Please Sign Your Full Name!


To: The United Nations General Assembly
The brutal bombings and invasion of Lebanon and Gaza are acts of Israeli state terrorism. The U.S. invasion and occupation of Afghanistan and Iraq, and the present U.S.-Israeli threat to Syria and Iran indicate their ruthless struggle for hegemony in the oil-rich Middle East, which would escalate into a global war.

At least 900 people have been killed in Lebanon, more than one-third children, and 3,000 wounded. The number of refugees in Lebanon has already exceeded one million. Whole residential areas, roads, bridges, ports, power stations, factories and other infra-structure have been destroyed by Israeli precision bombing. Lebanon’s economic and infrastructure damage tops $2.5B as of 4 August 2006.

In Gaza hundreds have been killed. Homes, greenhouses, bridges, water and sewerage treatment plants and electricity generators have been destroyed in the latest acts of Israeli genocide sadistically code-named ‘Operation Summer Rain,’ which began on 27 June 2006. Israel continues its brutal air strikes on the Gaza Strip almost daily.

Israel must be prosecuted immediately for its war crimes, crimes against humanity and genocide against the Peoples of Lebanon and Palestine to stop the war escalating into a global catastrophe. Frances A. Boyle, Professor of Law, University of Illinois, has asserted the legal framework for The United Nations General Assembly to immediately establish an International Criminal Tribunal for Israel (ICTI).

“The United Nations General Assembly must immediately establish an International Criminal Tribunal for Israel (ICTI) as a ‘subsidiary organ’ under U.N. Charter Article 22. The ICTI would be organized along the lines of the International Criminal Tribunal for Yugoslavia (ICTY), which was established by the Security Council.

“The purpose of the ICTI would be to investigate and prosecute Israeli war crimes, crimes against humanity and genocide against the Peoples of Lebanon and Palestine--just as the ICTY did for the victims of international crimes committed by Serbia and the Milosevic Regime throughout the Balkans.

“The establishment of ICTI would provide some small degree of justice to the victims of Israeli war crimes, crimes against humanity and genocide against the Peoples of Lebanon and Palestine--just as the ICTY has done in the Balkans.
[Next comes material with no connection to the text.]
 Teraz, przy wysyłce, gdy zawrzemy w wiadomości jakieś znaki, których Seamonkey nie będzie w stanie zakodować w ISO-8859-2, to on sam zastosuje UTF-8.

Furthermore, the establishment of ICTI by the U.N. General Assembly would serve as a deterrent effect upon Israeli leaders such as Prime Minister Olmert, Defense Minister Peretz, Chief of Staff Halutz and Israel’s other top generals that they will be prosecuted for their further infliction of international crimes upon the Lebanese and the Palestinians.

“Without such a deterrent, Israel might be emboldened to attack Syria with the full support of the Likhudnik Bush Jr. Neoconservatives, who have always viewed Syria as ‘low-hanging fruit’ ready to be taken out by means of their joint aggression.
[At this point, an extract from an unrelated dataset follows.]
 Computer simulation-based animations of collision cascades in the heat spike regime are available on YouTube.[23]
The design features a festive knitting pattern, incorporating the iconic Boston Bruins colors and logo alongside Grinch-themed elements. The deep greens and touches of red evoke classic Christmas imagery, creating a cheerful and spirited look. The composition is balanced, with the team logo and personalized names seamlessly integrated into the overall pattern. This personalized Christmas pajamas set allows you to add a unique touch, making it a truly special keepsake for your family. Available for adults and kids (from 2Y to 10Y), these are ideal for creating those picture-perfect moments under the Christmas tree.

“The Israeli press has just reported that the Bush Jr administration is encouraging Israel to attack Syria. If Israel attacks Syria as it did when it invaded Lebanon in 1982, Iran has vowed to come to Syria’s defense.

“And of course Israel and the Bush Jr administration very much want a pretext to attack Iran. This scenario could readily degenerate into World War III.
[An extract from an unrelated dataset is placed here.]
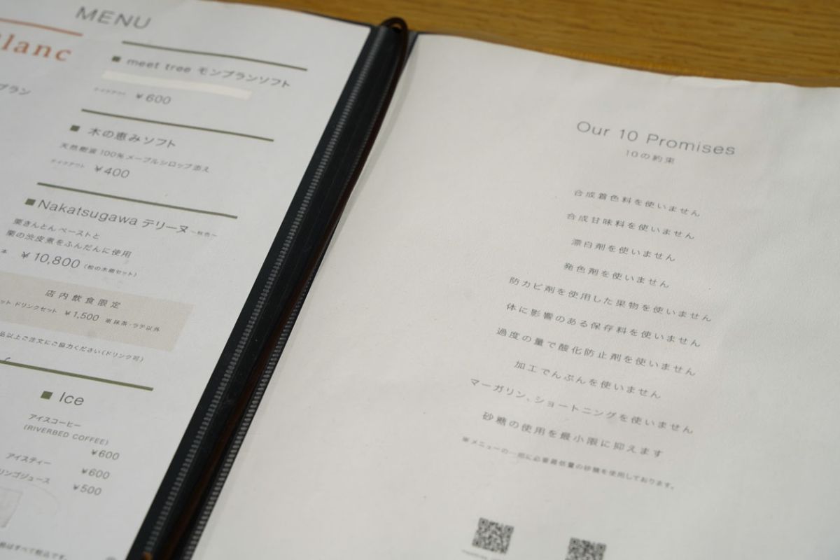 「meet tree Café NAKATSUGAWA」では、人と環境に配慮して10の添加物の不使用を宣言しています。例えば、できる限り上白糖ではなく、身体にやさしいきび砂糖を使用していたり、生クリームは動物性100%にこだわるなど、その徹底ぶりはもともとが地域環境と密接につながり歩んできた会社だからこそ。

“For the U.N. General Assembly to establish ICTI could stop the further development of this momentum towards a regional if not global catastrophe.”

We, the undersigned, demand that The United Nations General Assembly immediately establish an International Criminal Tribunal for Israel (ICTI) as a ‘subsidiary organ’ under U.N. Charter Article 22 to prosecute the Israeli Prime Minister Olmert, Defense Minister Peretz, Chief of Staff Halutz and Israel’s other top generals and war criminals for their infliction of international war crimes, crimes against humanity and genocide against the Peoples of Lebanon and Palestine.